Parlare agli sconosciuti era una delle cose che mi riuscivano meglio: in città feci vergognare un sacco di ex della mia amica Pu, lei che aveva sempre avuto tanto successo con i ragazzi sbagliati, perché mi riusciva facile fare la tosta davanti a persone che tanto non mi avrebbero mai conosciuta. Il problema sorgeva con le persone che sapevano come fossi davvero...


 Strano come ci siano giorni in cui tutto quello che era sempre stato quotidiana routine improvvisamente cambia: mi divertì pensare che per Corrado quel giorno era stato decisamente curioso. Una nuova vicina di banco prima, la ragazza a cui fa il filo che improvvisamente gli rivolge la parola poi. Certo, magari avrebbe preferito un dialogo leggermente migliore… non sapevo come avesse considerato la prima novità, di sicuro però non apprezzò per niente la seconda.
Infatti, Morena per girarsi scelse proprio il momento in cui Corrado era tornato a fissarla non proprio educatamente. Lo guardò stizzita, prima di esclamare:
 -Ehi tu, che hai da guardare?-. La voce sprezzante e strafottente giunse alle nostre orecchie, e non passò manco un secondo che il viso di Corrado diventò una maschera rossa di vergogna.
 -Chi, io?
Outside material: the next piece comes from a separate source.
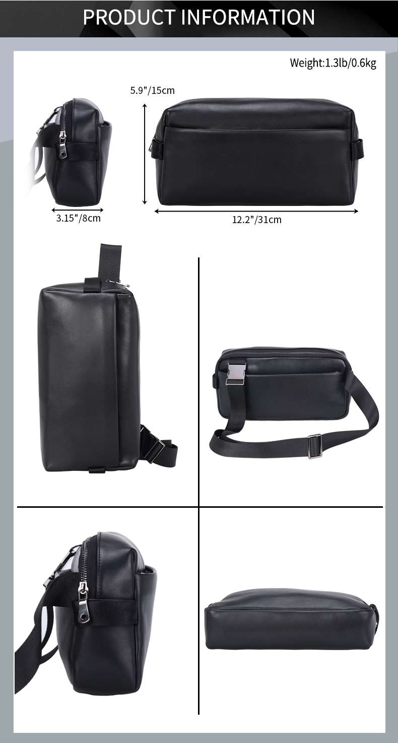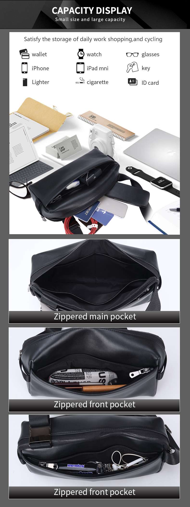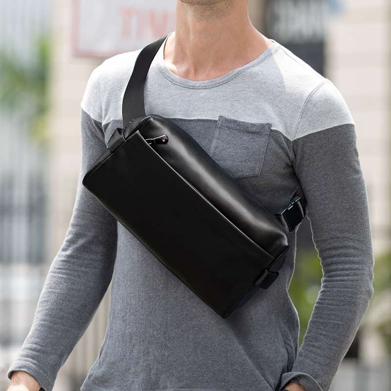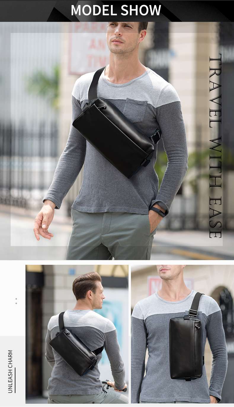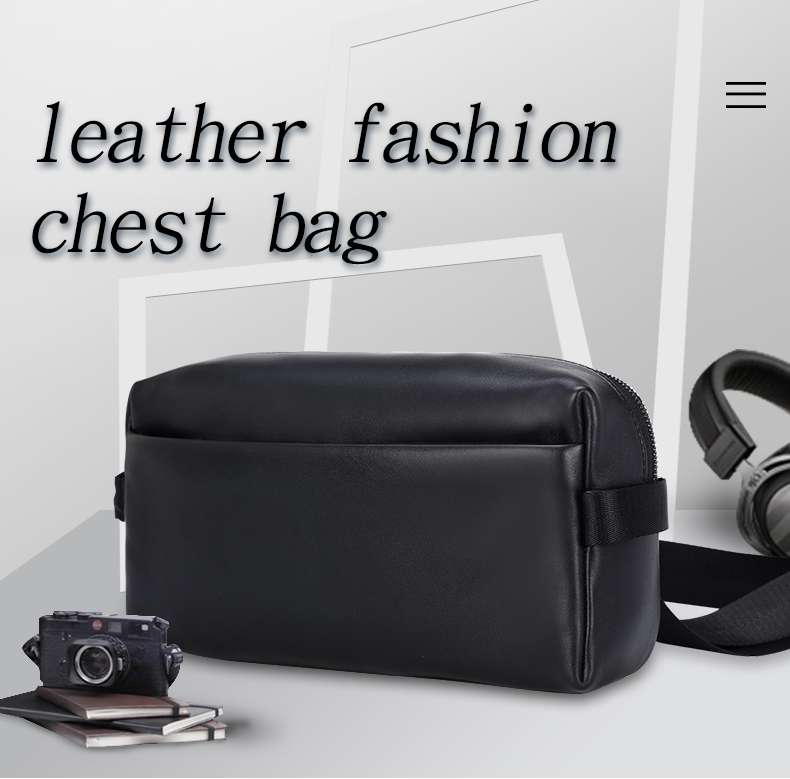 真皮多功能頭層納帕皮男士胸包 簡約斜背包
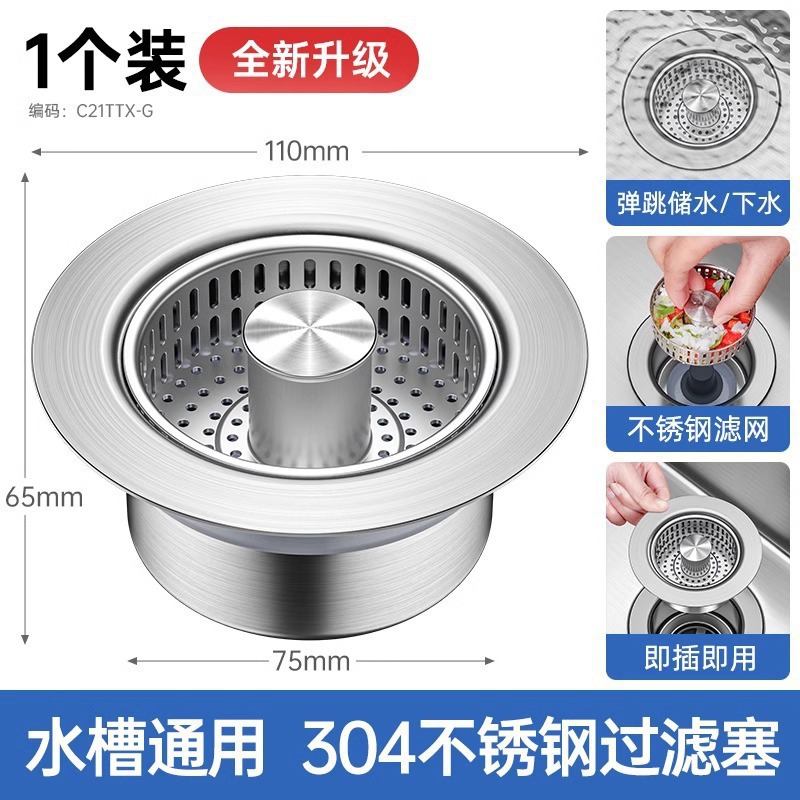 304 스테인리스 스틸 싱크 필터 주방 싱크대 탄성 필터 싱크대 배수 마개 범용 원제조사스토어 가기

Io niente, niente, che vuoi che stia guardando…- Balbettò. Lei corrugò la fronte e strinse le labbra:
 -Senti cinno, bada a farti i fatti tuoi. Hai inteso?- Scosse la testa infastidita e tornò sul suo piedistallo immaginario.
 Corrado distolse subito lo sguardo, mentre Raffaele si schiariva rumorosamente la voce. Figura di cacca, sembrava voler dire. Io mi morsi un’unghia, non sapendo bene che fare.    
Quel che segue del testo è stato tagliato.